Les exportations de gaz de schiste depuis les États-Unis
Pour être économiquement viable, l’industrie du gaz de schiste américain devait s’ouvrir l’accès aux marchés internationaux, et notamment celui de l’Europe. C’est désormais chose faite. Dès 2015, aussi bien EDF qu’Engie avaient passé des accords pour importer du gaz de schiste nord-américain en France. Ces contrats avaient été alors sévèrement critiqués, parce que contradictoires avec les engagements en faveur du climat pris au même moment par les deux géants français, sur fond de COP21 à Paris.
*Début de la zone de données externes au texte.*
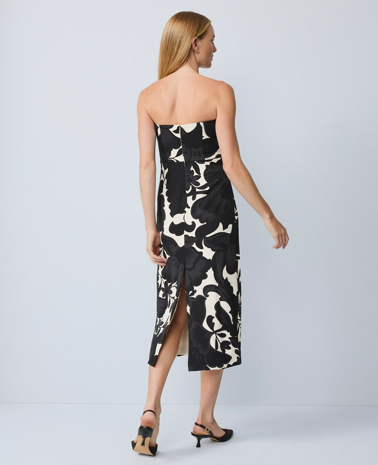 This midi dress boasts a streamlined column silhouette, softened with artful draping along the neckline. Strapless sweetheart neck. Hidden back-zip closure. Removable straps. Back vent. Lined.

Parfois présenté par l’industrie comme une énergie fossile « plus propre », le gaz est en réalité une source importante non seulement de CO2, mais aussi de méthane, un gaz à effet de serre 100 fois plus puissant à court terme. Et ce notamment lorsqu’il est extrait – comme c’est le cas ici - par fracturation hydraulique. Les importations en France de gaz de schiste américain – rebaptisé « gaz de la liberté » par l’administration Trump – ont effectivement commencé fin 2018 et se poursuivent à un bon rythme.
En 2018-2019, Total a pris plusieurs décisions d’investissements importants, comme le rachat du terminal d’exportation Cameron LNG en Louisiane à Engie. Décisions qui ont confirmé son intérêt non seulement pour l’exploitation du gaz de schiste proprement dite (avec ses parts dans des gisements au Texas et dans l’Ohio), mais aussi et surtout pour son exportation vers les marchés internationaux. Les banques françaises, et notamment la Société générale, sont elles aussi activement impliquées dans le financement des projets de gazoducs et de terminaux d’exportation qui ont fleuri ces dernières années sur les côtes nord-américaines. Le développement des exportations vers l’Europe et l’Asie, favorise en retour l’intensification de l’exploitation du gaz de schiste aux États-Unis, et attise les controverses sur son impact écologique et sanitaire qui accompagnent cette exploitation.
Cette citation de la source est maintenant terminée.